Being unmarried and loving his ease when he was in the city, Mackintavers maintained a suite at the Aztec House. He had entertained many men in that place, some to their eternal sorrow. Never had he entertained a more distinguished visitor, however, than the Smithsonian professor with whom he was speaking on this Sunday morning—a scientist known around the world, and a man of supreme authority in ethnologic circles.

“Now, professor,” said Mackintavers, bluntly, “I ain’t a college-educated man, but I’ve knocked around this country for thirty year, and I know a few things. When I die, I aim to be remembered as something more than a mining man, see?”

The other, in puzzled suspense, nodded tacit understanding.

“Now,” pursued Sandy, chewing hard on a cigar, “if I had something to give the Smithsonian or some other museum, something that would be a tenstrike for science, something that ’ud make every scientific shark in the country water at the eyes for envy, what ’ud the Smithsonian do for me?”

The professor cleared his throat and registered hesitation.

“I—ah—I do not exactly apprehend your meaning, Mr. Mackintavers. You do not speak in a financial sense, I presume?”

“Of course not. I tell you, I want to be known as a scientist! Man, I’ve got the biggest thing up my sleeve that you ever struck! Can your museum, or any other, make me famous as a scientist? That is, if I turn over a regular tenstrike?”

“Ah—that is exceedingly difficult to answer. A scientific reputation, Mr. Mackintavers, is founded upon solid bases, upon research or discoveries. If your—ah—contribution were a thing of such merit as you say, it would undoubtedly be published far and wide. Your name, naturally, would be attached to it, according as your work justified.”

“In other words,” amended Sandy, “if I turn over a complete job, I’d get full credit and publicity?”

“Yes.”

“That’s what I want. I’m interested in this ethnology stuff, and I can do you sharks a whopping good turn. I want to get the credit, that’s all. Folks call me a hard-fisted old mining crab, and I want to show ’em that I’m something more.”

“A highly laudable ambition, sir. You understand, however, that what to a lay mind might appear to be a most interesting ethnological fact, to a scientist might prove well known or insufficiently supported——”

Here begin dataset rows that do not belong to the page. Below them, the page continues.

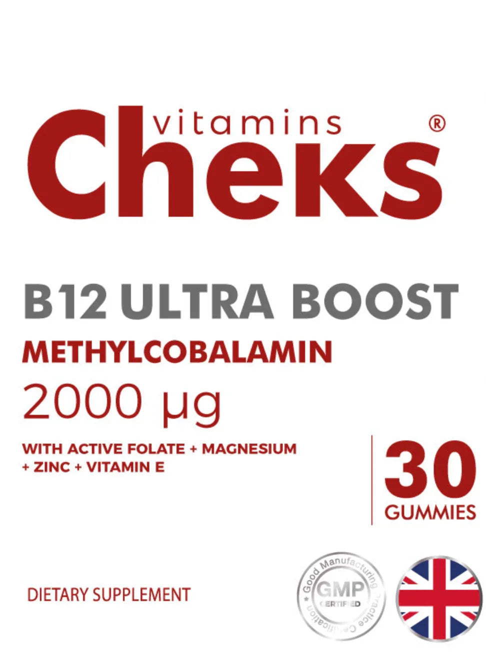 Cheks B12 Ultra Boost, c’est bien plus qu’un simple complément : c’est une formule avancée, concentrée en méthylcobalamine (2 000 µg) — la forme active et biodisponible de la vitamine B12 — pour soutenir votre énergie cellulaire, votre clarté mentale et votre système nerveux au quotidien.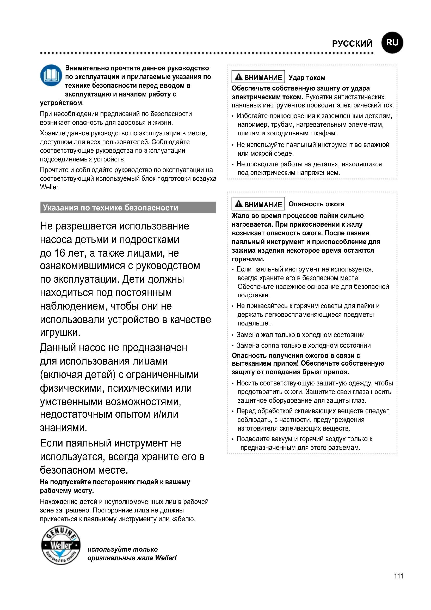 HRVATSKI111 Внимательно прочтите данное руководство по эксплуатации и прилагаемые указания по технике безопасности перед вводом в эксплуатацию и началом работу с устройством. При несоблюдении предписаний по безопасности возникает опасность для здоровья и жизни. Храните данное руководство по эксплуатации в месте, доступном для всех пользователей. Соблюдайте соответствующие руководства по эксплуатации подсоединяемых устройств. Прочтите и соблюдайте руководство по эксплуатации на соответствующий используемый блок подготовки воздуха Weller. Указания по технике безопасности Не разрешается использование насоса детьми и подростками до 16 лет, а также лицами, не ознакомившимися с руководством по эксплуатации. Дети должны находиться под постоянным наблюдением, чтобы они не использовали устройство в качестве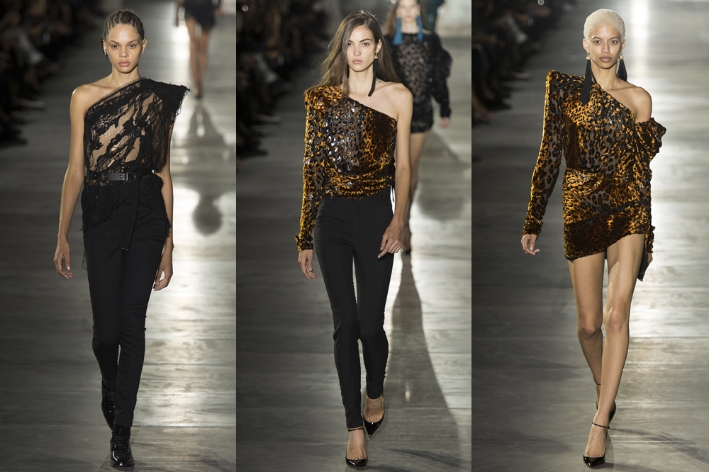 Lệch vai, da báo - hai xu hướng được lăng xê mạnh trong mùa lạnh cuối năm - tiếp tục là niềm say mê của các cô gái nhà Saint Laurent ở nửa đầu năm sau.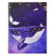 Dive into the beauty of a magic whale in the dark ocean with a night starry sky.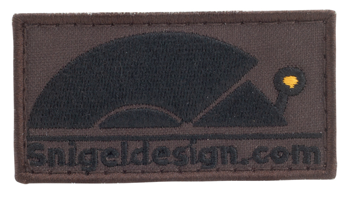 Embroidered SnigelDesign patch with hook and loop backing.

Mackintavers waved his square hand.

“This thing is all assayed and fire tested, professor, and I’m no fool. May I give you an outline of it?”

“If you care to, by all means do so!”

“You know where the San Marcos pueblo is—away down south of Bonanza?” Mackintavers struck into his subject without further parley. “It was abandoned about 1680 because of attacks from the Comanches, who destroyed several pueblos down in that country. There’s a tradition that the Injuns migrated west of the Rio Grande and settled the Cochiti and Domingo pueblos. Has that tradition ever been proved up?”

The professor evinced an awakening interest.

“No, sir. We know that the survivors of the Pecos pueblo went to Jimez, but the older migrations are hidden in the mists of time, unfortunately. Where the present Pueblos came from we do not know. The migrations——”

“They won’t be hid very long,” said Mackintavers, complacently. “Aiblins, now, we’ll clear ’em up a bit, eh?”

The only Scottish evidences which remained from Sandy’s youth were an uncanny acquisitiveness and a habit of interjecting the word “aiblins” into the conversation at random. When Sandy used that word, it betrayed mental effort.

“Some time ago,” he resumed, “a man found seven stone idols in a bit of the adobe ruins at San Marcos. They had been walled up and buried alive, ye might say. The heavy rains last year, which took out some pieces of the adobe walls, washed ’em out. I’ve got ’em now, down to my ranch near Magdalena.”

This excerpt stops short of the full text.